##### Data excerpts #####
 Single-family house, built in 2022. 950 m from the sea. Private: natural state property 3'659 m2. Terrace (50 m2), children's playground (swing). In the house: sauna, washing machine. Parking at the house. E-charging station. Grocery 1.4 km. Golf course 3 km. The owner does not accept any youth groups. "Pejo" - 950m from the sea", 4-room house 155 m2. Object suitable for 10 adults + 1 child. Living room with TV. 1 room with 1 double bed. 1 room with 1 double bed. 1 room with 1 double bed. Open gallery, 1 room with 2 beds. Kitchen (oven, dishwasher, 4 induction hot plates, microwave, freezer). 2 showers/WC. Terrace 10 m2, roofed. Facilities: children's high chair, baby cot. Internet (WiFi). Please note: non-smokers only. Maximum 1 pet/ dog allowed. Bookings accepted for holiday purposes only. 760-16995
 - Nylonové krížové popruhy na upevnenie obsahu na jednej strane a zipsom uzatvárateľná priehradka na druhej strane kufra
#####
##### Data excerpts #####
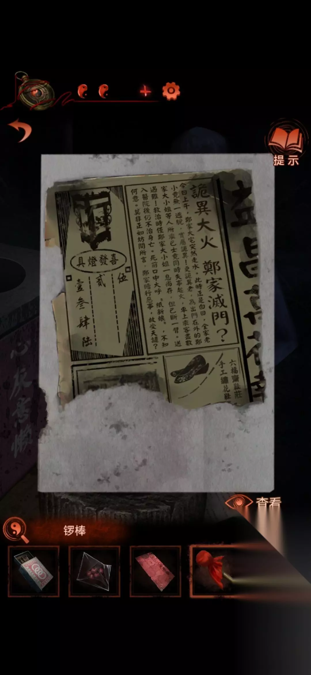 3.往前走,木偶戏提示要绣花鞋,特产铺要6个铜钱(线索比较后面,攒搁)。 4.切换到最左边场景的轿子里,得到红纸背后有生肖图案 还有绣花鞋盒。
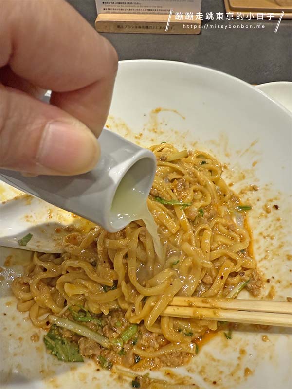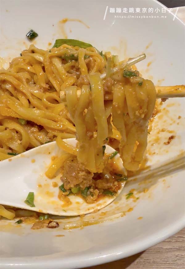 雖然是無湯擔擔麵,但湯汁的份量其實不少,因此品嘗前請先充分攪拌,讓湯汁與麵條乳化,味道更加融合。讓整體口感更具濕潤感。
#####
Reproduce word for word the material above, beginning with the line that contains "Single-family house, built" and ending with the line that contains "- Nylonové krížové".

 Single-family house, built in 2022. 950 m from the sea. Private: natural state property 3'659 m2. Terrace (50 m2), children's playground (swing). In the house: sauna, washing machine. Parking at the house. E-charging station. Grocery 1.4 km. Golf course 3 km. The owner does not accept any youth groups. "Pejo" - 950m from the sea", 4-room house 155 m2. Object suitable for 10 adults + 1 child. Living room with TV. 1 room with 1 double bed. 1 room with 1 double bed. 1 room with 1 double bed. Open gallery, 1 room with 2 beds. Kitchen (oven, dishwasher, 4 induction hot plates, microwave, freezer). 2 showers/WC. Terrace 10 m2, roofed. Facilities: children's high chair, baby cot. Internet (WiFi). Please note: non-smokers only. Maximum 1 pet/ dog allowed. Bookings accepted for holiday purposes only. 760-16995
 - Nylonové krížové popruhy na upevnenie obsahu na jednej strane a zipsom uzatvárateľná priehradka na druhej strane kufra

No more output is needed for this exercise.